The remaining issues raised by reviewer 1 are hard to comprehend.

Specifically, (i) the issue with Rsc3 and Rsc30 being sub-stoichiometric has been well documented and the corresponding literature has been cited in our paper; (ii) we do not think that measuring complex stoichiometry based on the gel or running a glycerol gradient to ascertain that we indeed purified an assembled complex is worthwhile, given that we have a 3-Å resolution structure of the core of complex; (iii) we cite 2 of the 3 key papers the reviewer mentions we “missed” (which includes one authored by some of the co-authors of our study), while the third is only tangentially relevant.

It is our assessment that the paper can be revised to clarify some of the issues raised by the reviewers. However, several of the issues raised are not applicable, as detailed above.

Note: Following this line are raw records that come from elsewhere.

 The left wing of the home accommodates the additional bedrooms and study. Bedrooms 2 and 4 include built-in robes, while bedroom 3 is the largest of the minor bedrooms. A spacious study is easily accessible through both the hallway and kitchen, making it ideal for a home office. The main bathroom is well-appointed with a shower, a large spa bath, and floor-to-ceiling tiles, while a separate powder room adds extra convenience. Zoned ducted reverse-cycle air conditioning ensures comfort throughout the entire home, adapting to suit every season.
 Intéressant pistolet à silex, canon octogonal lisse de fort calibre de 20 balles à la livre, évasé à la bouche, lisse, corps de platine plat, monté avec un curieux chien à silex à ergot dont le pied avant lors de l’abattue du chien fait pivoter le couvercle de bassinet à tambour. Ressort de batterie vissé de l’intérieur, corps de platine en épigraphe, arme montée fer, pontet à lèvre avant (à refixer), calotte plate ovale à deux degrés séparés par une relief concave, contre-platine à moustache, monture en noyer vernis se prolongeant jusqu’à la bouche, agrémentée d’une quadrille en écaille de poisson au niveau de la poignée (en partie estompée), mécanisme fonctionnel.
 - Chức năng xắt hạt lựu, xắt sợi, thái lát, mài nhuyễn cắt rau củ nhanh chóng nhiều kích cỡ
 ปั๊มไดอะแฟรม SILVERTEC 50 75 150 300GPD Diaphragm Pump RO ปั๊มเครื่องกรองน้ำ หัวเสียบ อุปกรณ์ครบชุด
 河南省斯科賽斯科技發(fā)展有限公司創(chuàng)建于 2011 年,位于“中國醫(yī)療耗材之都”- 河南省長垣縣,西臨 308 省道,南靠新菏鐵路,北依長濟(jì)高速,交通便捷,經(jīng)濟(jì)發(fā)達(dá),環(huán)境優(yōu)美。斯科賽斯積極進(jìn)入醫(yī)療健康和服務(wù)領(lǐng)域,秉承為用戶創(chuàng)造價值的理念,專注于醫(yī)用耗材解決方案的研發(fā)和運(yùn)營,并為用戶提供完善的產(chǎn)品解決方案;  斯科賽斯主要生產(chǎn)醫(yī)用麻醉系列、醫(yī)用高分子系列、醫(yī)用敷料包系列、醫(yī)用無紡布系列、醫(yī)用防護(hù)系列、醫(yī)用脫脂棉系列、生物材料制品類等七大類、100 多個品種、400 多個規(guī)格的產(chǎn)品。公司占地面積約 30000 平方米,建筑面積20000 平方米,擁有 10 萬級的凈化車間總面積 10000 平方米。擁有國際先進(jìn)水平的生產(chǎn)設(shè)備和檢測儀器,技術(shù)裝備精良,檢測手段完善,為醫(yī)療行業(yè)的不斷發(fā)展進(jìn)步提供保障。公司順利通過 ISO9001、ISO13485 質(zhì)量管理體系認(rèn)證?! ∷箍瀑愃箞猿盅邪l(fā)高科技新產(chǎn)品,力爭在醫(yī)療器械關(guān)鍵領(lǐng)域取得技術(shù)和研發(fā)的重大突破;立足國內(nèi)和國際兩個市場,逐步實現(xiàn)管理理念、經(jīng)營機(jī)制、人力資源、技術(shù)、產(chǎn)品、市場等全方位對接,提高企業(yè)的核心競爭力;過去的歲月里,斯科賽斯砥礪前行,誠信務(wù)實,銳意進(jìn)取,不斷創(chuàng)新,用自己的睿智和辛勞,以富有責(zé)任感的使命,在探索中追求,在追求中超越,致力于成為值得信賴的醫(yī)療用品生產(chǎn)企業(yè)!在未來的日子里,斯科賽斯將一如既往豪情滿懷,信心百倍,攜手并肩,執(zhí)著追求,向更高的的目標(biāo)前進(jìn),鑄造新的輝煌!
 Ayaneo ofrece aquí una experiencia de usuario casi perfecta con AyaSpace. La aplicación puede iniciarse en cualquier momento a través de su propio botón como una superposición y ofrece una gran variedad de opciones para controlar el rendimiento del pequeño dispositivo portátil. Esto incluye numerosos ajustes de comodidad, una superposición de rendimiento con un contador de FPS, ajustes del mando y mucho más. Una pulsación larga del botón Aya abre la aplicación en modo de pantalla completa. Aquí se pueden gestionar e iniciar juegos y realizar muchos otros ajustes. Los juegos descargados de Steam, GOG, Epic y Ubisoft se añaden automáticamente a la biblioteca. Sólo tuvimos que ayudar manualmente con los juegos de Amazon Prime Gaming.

In addition to these general considerations, we provide point-by-point answers to the reviewers’ comments below.

Reviewer #1:

In the first part of this paper, the authors use cryo-EM to determine the structure of free RSC, one of two SWI/SNF complexes present in yeast, and were able to resolve the core of this complex to 3.1 angstroms. The core has a more rigid region consisting of a head, body, and arm regions plus a more flexible leg region. The structure they observe is at a higher resolution than any previously reported structure for a SWI/SNF complex and provides detailed information about the subunit-subunit interactions within this complex. They complement their cryo-EM structure by also probing the structure using chemical crosslinking and mass spectrometry (CL^-MS) in collaboration with the Ranish lab.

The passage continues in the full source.